Azrâil parmak uçlarımı ısırmasaydı eğer.
//
Gecenin gözleri emzirirken dudaklarımı
Göğüs ucumdan dökülür günahlarım.
Ve kör bir ateş ruhumu ısırırken
Gâyyâ kuyusuna itti beni bir ses!
Ö l ü m hâktır!
Ecelin kanatlarından uçana.
Gökyüzüne asılı kalmış bir çığlık tutar yakamdan.

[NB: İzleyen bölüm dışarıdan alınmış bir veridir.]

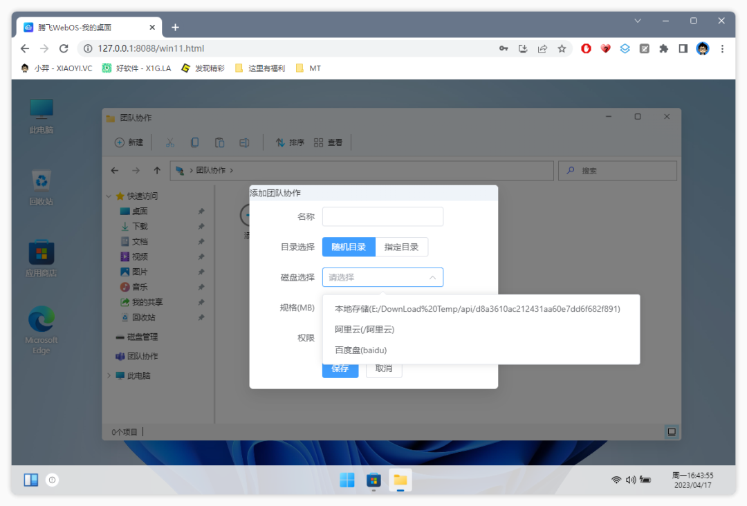 另外还支持团队协作功能,选择你已建立的本地磁盘或者网盘,支持设置随机目录、指定目录、相关权限功能。

Secde ederken kıbleyi şâhadete
Astım boynumu Arafat’a.
Şeytan dokunmasın diye ruhuma.
Sevmek mübâhtır!
Zemzem suyunu aşk ile içene.
Ey benim sırata devrilmiş boynum
Gövdemden düşmeyince aklım,
Daha kaç defa can çekişecektim
Yusuf misali kör kuyularda?
Can ibâhâdır!
Haktan gelince kûn âşkına.
Kanamasız iç çekişlerim, yoğrulur bir ananın rahminde.
Ve yetim bir çocuğun gözlerinde sesi kesilir ömrümün.
Daha selâm okunmamışken
Ö l d ü r beni!
Hâk uğruna.
Kıyam ettim gözlerimde parçalanan edâ’ya.
Ve çoğu kez saati kuramadım zamanın sonrasına.
Beni öldü say.
Zaten ruhum bir adım ötemde.
Şimdi rüzgârın üryan sesinden duyulacak!
Ey benim ö l ü m e melâl halim.
İsrafil’in surunu ç/aldım birazdan kıyâmet kopacak!
Gayya kuyusu: Cehennemde hutemenin kuyusu.
Mubah: İslam dininde yapılması veya yapılmamasında fark olmayan durum.
İbaha: Helal kılmak
Eda: Naz
Melal: Üzüntü, Hüzün.
5.0
100% (28)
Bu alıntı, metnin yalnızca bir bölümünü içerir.